As a young person, he dabbled in hacking and briefly became an asset for France's domestic intelligence service because it arrange its first cyber unit. They had him hack then-French President François Mitterrand's phone so the agency could get a bigger budget, the book says.
Niel's first lucrative business was running adult-only sex chat services on Minitel, a rudimentary French network that predated the Internet.
But his real breakthrough got here in telecommunications, when he founded Iliad as a low-cost provider in 1990 when France opened the market to competition. It went public in 2004.
Just a couple of months after the IPO, Niel was arrested on suspicion of asset embezzlement and pimping in reference to investments in sex shops that he had made with a partner from his Minitel days.
He spent a month in prison and was later convicted of the lesser charge. Niel wrote that the judge gave him advice that he never forgot: You can skip the road between right and incorrect, but never cross it.
Excited by Iliad's success, Niel invested in technology, real estate and media resembling the newspaper Le Monde. Iliad is now private and has expanded to around 20 countries, most recently Ukraine.
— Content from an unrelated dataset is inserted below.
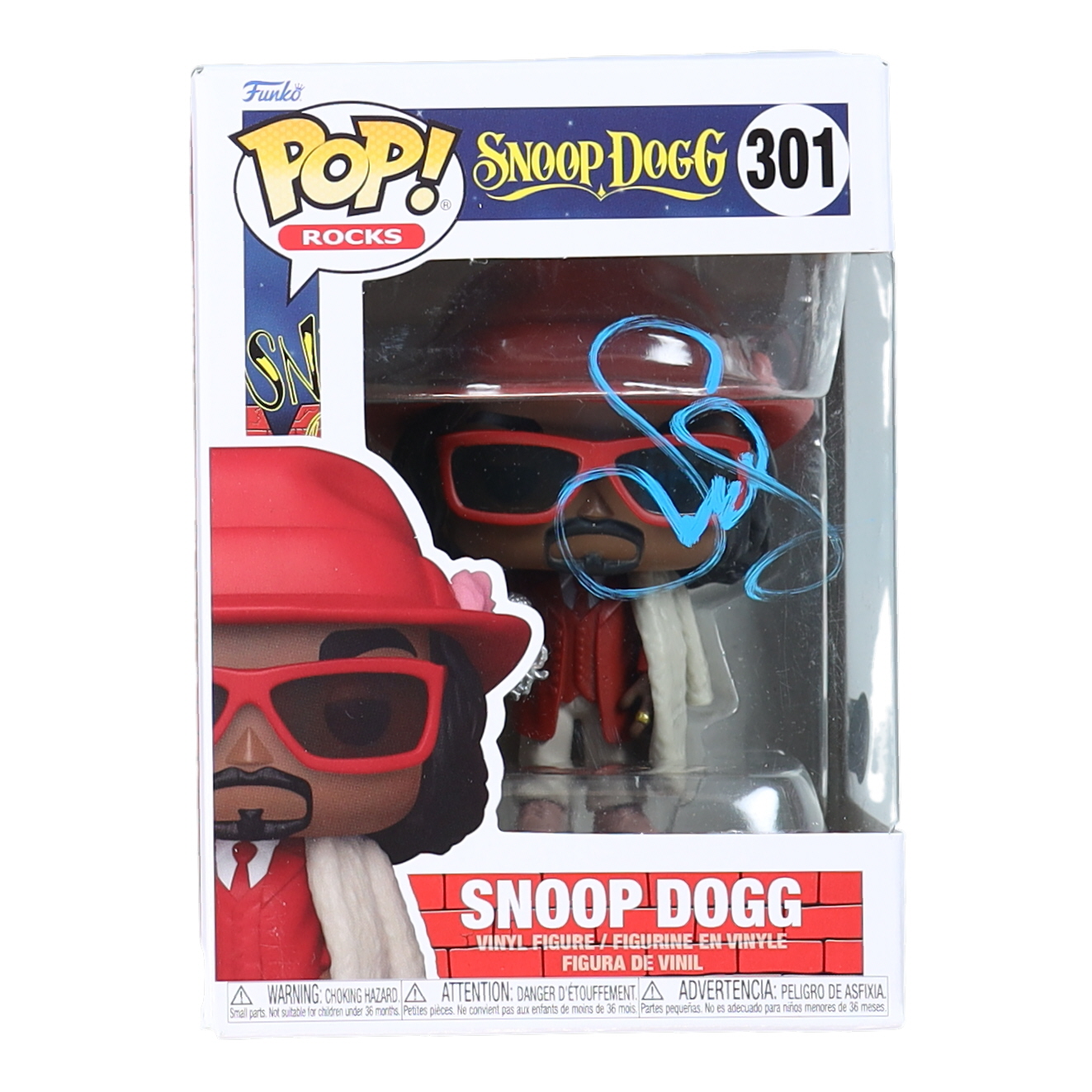 Funko Pop! vinyl figure measures approximately 4" tall and the packaging has been hand-signed by Snoop Dogg. The window has been swapped.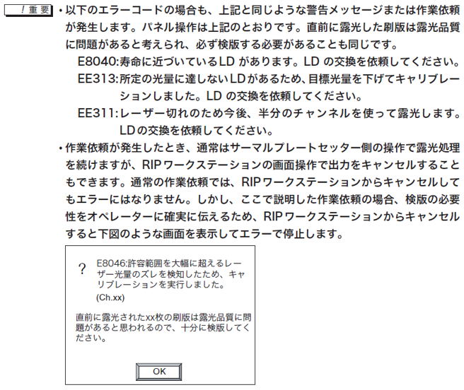 E8046: 許容範囲を大幅に超えるレーザー光量のズレを検知したため、 キャリブレーションを実行しました。 直前に露光されたxx枚の刷版は露光品質に問題があると思われるので、十分に検版してください。 「自動キャリブレーションで作業依頼が発生した場合」を参照してください。

In Paris, Niel built the world's largest startup incubator called Station F and opened a free programming school.
As his projects multiplied, Niel took on a task of ambassador for European technology. When Pavel Durov, the billionaire creator of the messaging app Telegram, was arrested and interrogated in France for alleged complicity in criminal activity, his first call was to Niel.
“When I went to prison, everyone disappeared on me. So if a friend in France runs right into a problem, I’m not the form of one who doesn’t pick up the phone.”
In September, Niel joined the board of ByteDance, the Chinese parent company of TikTok, which is under scrutiny within the U.S. and Europe over privacy, misinformation and security.
US President Joe Biden has signed a law banning the platform on national security grounds if its Chinese parent company doesn’t sell itself by 2025. President-elect Donald Trump has said he could reverse the choice – an option Niel personally supports.
“I believe it will be positive for TikTok to live on within the US with its expert workforce. Positive for competition, for residents, for improving products,” he said.
“What worries me is that if TikTok comes under pressure, all other social networks, including American ones, will even come under pressure,” he said.
Niel said he had been “a long-time small investor” and thought being the one European on the board would help ByteDance’s plans to expand within the region.
“We are in a position to welcome them to Europe and help them invest.” . . and understanding who we’re, how we’re, (our) way of working,” he said. For them “it creates value, and for us it creates future-oriented investments in Europe.”